### DATA
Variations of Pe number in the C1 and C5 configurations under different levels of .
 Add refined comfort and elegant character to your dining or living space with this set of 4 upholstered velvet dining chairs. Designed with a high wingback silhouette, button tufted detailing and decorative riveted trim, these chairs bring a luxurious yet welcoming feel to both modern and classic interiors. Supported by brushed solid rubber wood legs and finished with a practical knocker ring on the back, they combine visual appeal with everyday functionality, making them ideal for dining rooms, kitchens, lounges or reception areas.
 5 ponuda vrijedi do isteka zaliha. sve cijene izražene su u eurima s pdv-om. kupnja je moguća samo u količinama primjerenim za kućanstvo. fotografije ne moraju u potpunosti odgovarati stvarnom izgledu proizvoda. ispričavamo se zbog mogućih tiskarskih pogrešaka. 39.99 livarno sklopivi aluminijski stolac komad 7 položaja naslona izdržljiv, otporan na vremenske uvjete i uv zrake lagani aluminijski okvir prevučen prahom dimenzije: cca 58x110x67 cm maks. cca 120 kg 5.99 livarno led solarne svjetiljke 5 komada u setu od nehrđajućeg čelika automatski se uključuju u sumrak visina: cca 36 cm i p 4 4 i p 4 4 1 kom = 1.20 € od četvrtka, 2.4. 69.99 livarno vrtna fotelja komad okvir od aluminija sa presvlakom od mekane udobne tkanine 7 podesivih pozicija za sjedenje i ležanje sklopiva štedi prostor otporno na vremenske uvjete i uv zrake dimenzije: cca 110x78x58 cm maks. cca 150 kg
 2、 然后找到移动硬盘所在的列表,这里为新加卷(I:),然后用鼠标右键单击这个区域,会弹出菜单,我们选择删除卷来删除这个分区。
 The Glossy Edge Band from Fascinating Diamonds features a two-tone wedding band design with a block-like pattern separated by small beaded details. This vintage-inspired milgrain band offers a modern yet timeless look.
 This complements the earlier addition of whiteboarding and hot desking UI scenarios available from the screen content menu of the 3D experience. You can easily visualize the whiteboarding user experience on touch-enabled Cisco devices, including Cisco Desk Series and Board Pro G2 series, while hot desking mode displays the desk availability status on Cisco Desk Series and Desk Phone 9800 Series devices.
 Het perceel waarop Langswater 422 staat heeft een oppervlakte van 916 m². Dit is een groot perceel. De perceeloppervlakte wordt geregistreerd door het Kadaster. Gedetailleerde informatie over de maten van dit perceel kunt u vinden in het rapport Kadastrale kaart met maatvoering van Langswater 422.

### TASK DESCRIPTION
What you give back must be the stretch above, starting at the line with "Add refined comfort" and ending at the line with "This complements the", copied exactly.

### SOLUTION FOR THIS EXERCISE
 Add refined comfort and elegant character to your dining or living space with this set of 4 upholstered velvet dining chairs. Designed with a high wingback silhouette, button tufted detailing and decorative riveted trim, these chairs bring a luxurious yet welcoming feel to both modern and classic interiors. Supported by brushed solid rubber wood legs and finished with a practical knocker ring on the back, they combine visual appeal with everyday functionality, making them ideal for dining rooms, kitchens, lounges or reception areas.
 5 ponuda vrijedi do isteka zaliha. sve cijene izražene su u eurima s pdv-om. kupnja je moguća samo u količinama primjerenim za kućanstvo. fotografije ne moraju u potpunosti odgovarati stvarnom izgledu proizvoda. ispričavamo se zbog mogućih tiskarskih pogrešaka. 39.99 livarno sklopivi aluminijski stolac komad 7 položaja naslona izdržljiv, otporan na vremenske uvjete i uv zrake lagani aluminijski okvir prevučen prahom dimenzije: cca 58x110x67 cm maks. cca 120 kg 5.99 livarno led solarne svjetiljke 5 komada u setu od nehrđajućeg čelika automatski se uključuju u sumrak visina: cca 36 cm i p 4 4 i p 4 4 1 kom = 1.20 € od četvrtka, 2.4. 69.99 livarno vrtna fotelja komad okvir od aluminija sa presvlakom od mekane udobne tkanine 7 podesivih pozicija za sjedenje i ležanje sklopiva štedi prostor otporno na vremenske uvjete i uv zrake dimenzije: cca 110x78x58 cm maks. cca 150 kg
 2、 然后找到移动硬盘所在的列表,这里为新加卷(I:),然后用鼠标右键单击这个区域,会弹出菜单,我们选择删除卷来删除这个分区。
 The Glossy Edge Band from Fascinating Diamonds features a two-tone wedding band design with a block-like pattern separated by small beaded details. This vintage-inspired milgrain band offers a modern yet timeless look.
 This complements the earlier addition of whiteboarding and hot desking UI scenarios available from the screen content menu of the 3D experience. You can easily visualize the whiteboarding user experience on touch-enabled Cisco devices, including Cisco Desk Series and Board Pro G2 series, while hot desking mode displays the desk availability status on Cisco Desk Series and Desk Phone 9800 Series devices.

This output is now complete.